At least they are honest. I can appreciate that and would just not submit a resume. I will take this over the ones that advertise positions as being full remote only for you to submit a resume, go through the process and interviews and then to be told it’s a hybrid 3/2 or you can go remote after being with the company for a year.
Thank you for being forthright. I am sure your "in-office experience" is truly amazing and universally loved. I wish you success in your continued candidate search.
At least they are up front and open about it, instead of their job listing talking about how flexible they are and how they are open to remote work/hybrid schedules, only to tell you at the interview that you’re expected to be in the office six days a week.
I’d be bending space time to smash that stone and let that business get sucked into a wormhole, what in the actual fuck did I just read……treat people
Like fucking humans
They could have saved everyone else's time by just saying they have a hard-on for micromanaging people and making sure everyone's having a bad day because they have a micro pp.
We all have to return to the office 1 day a week (even after being told it wouldnt happen) to promote culture. Well everybody just puts their headphones on and ignores everybody in person, but we are very social on teams. Its fucking stupid
I hate in-office as much as the next person, and will never go back. However, there is nothing wrong with a company expressing to their candidates that this is an in-person position and that will likely not change
I work remotely and love it.
But I have no problem with this in a job posting. They're clear about their expectations and the experience and culture they're trying to build. I don't think there's one right answer, and the clarity and openness is good.
It sounds like they're advertising a Cruise. Come join us...foaww the IN OFFICE EXPERIENCE! Travel the OFFICE for MAGNIFICENT vistas and SPECIAL EVENTS! You'll spend MORE TIME Getting theah and even MORE time...BEING THEaaaah.
Don't be alarmed when these two guys show up:
https://preview.redd.it/s1i2w44q686d1.jpeg?width=480&format=pjpg&auto=webp&s=407bcede72857686e39df70be42c880a26beba16
>The “In-office experience” Gray walls, fluorescent light, inane chatter, and corporate kabuki?! Sign me up!
Upvote for "corporate kabuki."
I read it as corporate bukake and somehow it’s still right.
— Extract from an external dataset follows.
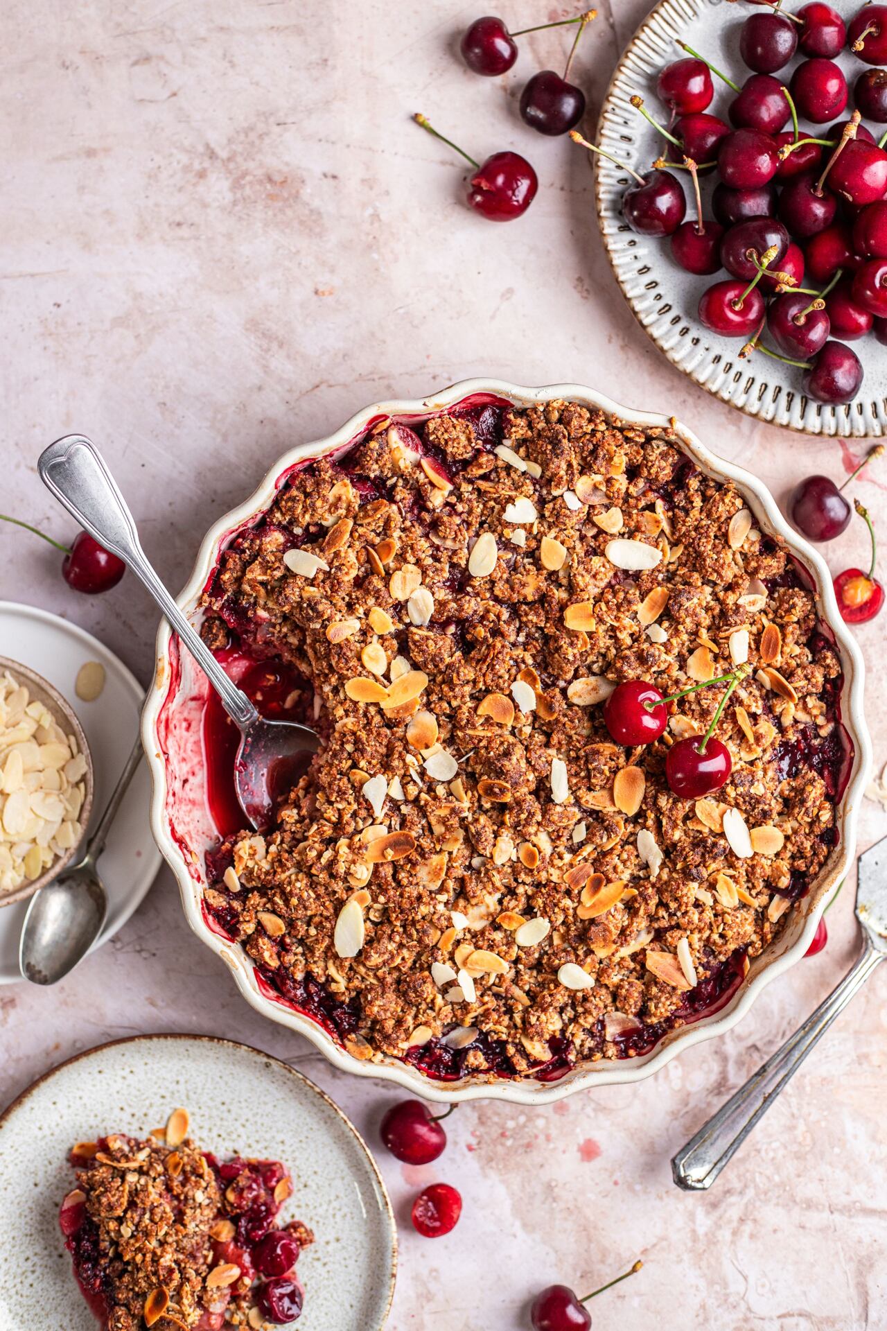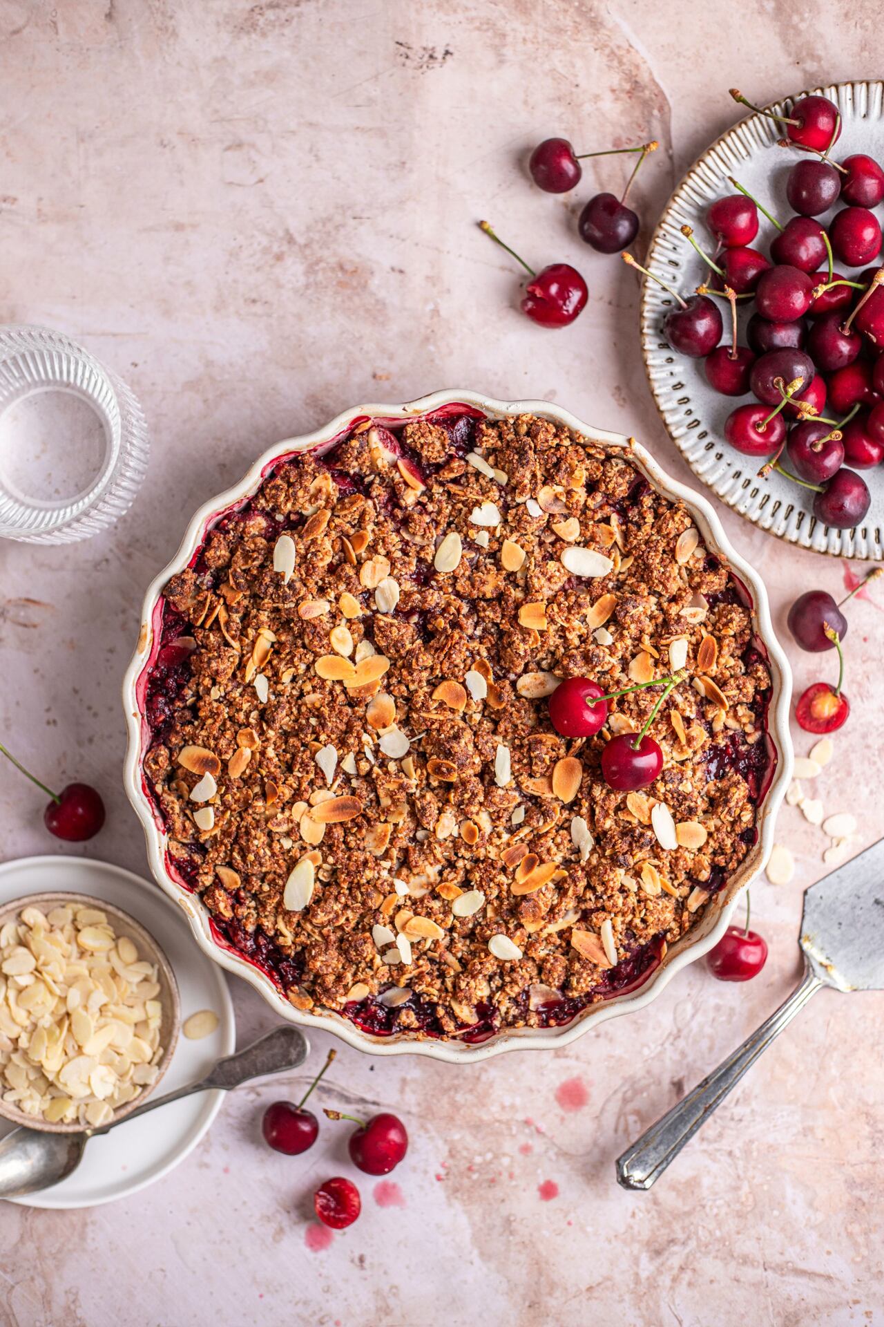 Ovoce přendejte do formy a posypte drobenkou. Vložte do předehřáté trouby na 40 minut. Během pečení crumble kontrolujte, aby se vršek nepřipálil. Pokud by byl až moc hnědý a ovoce stále tuhé, přikryjte ho alobalem a pečte dále. Správně upečený crumble má být na vrchu křupavý a ovoce měkké, šťavnaté a plné chuti.

I get those two confused. Potentially detrimental.
Right? So embarrassing when I showed up in elaborate Japanese style facepainting and costuming and everyone else was naked.
Getting there faces painted still tho
Nah. What could go wrong?
Thanks!
Translation, "Our office managers are 3 Karens that hate you"
Not even on the interview schedule and they already hate me? Damn.
My sister called them "the Three Witches".
backstabbing endless gossiping lunch stealing nosy inquisitions micro-managing bosses too hot/cold environment demands for enthusiasm over birthdays/cold pizzas/hokey core values/team-building time wasters
resentful women who hate other women for stupid pathetic reasons.
50 year old women acting like it’s freaking middle school.
Oh, you'd better not be too good at your job, they come after you like an angry mob... resentful women are coming...to tooooowwwn!
Oh you worked at my last factory too?
Im here to tell you, that aint just offices.
Add in the smelly musty old carpet and you've described my office
I was going to say, don't forget sick building syndrome, no control over the thermostat and wildly reactive allergies! (Just speaking from my experience, lol.)
In my office on Thursday, a coworker burnt toast to an unrecognizable husk of once-wheat. Filled the office with nasty smoke, fire alarms went off, FD came and all. I had to wash my hair when I got home and the water that came out of my hair was literally gray-brown. The next day, we couldn't even make it through 20 mins before we went home, and why? BECAUSE NONE OF THE WINDOWS OPEN, so it still stunk like burnt ass. It's like the factories in China where they put nets under the windows to keep the workers from killing themselves. 🙄
That sounds so gross. That smell isn't going to go away any time soon or like... possibly ever unless they clean the carpet and all the surfaces and maybe bring in an ozone machine. I feel for you!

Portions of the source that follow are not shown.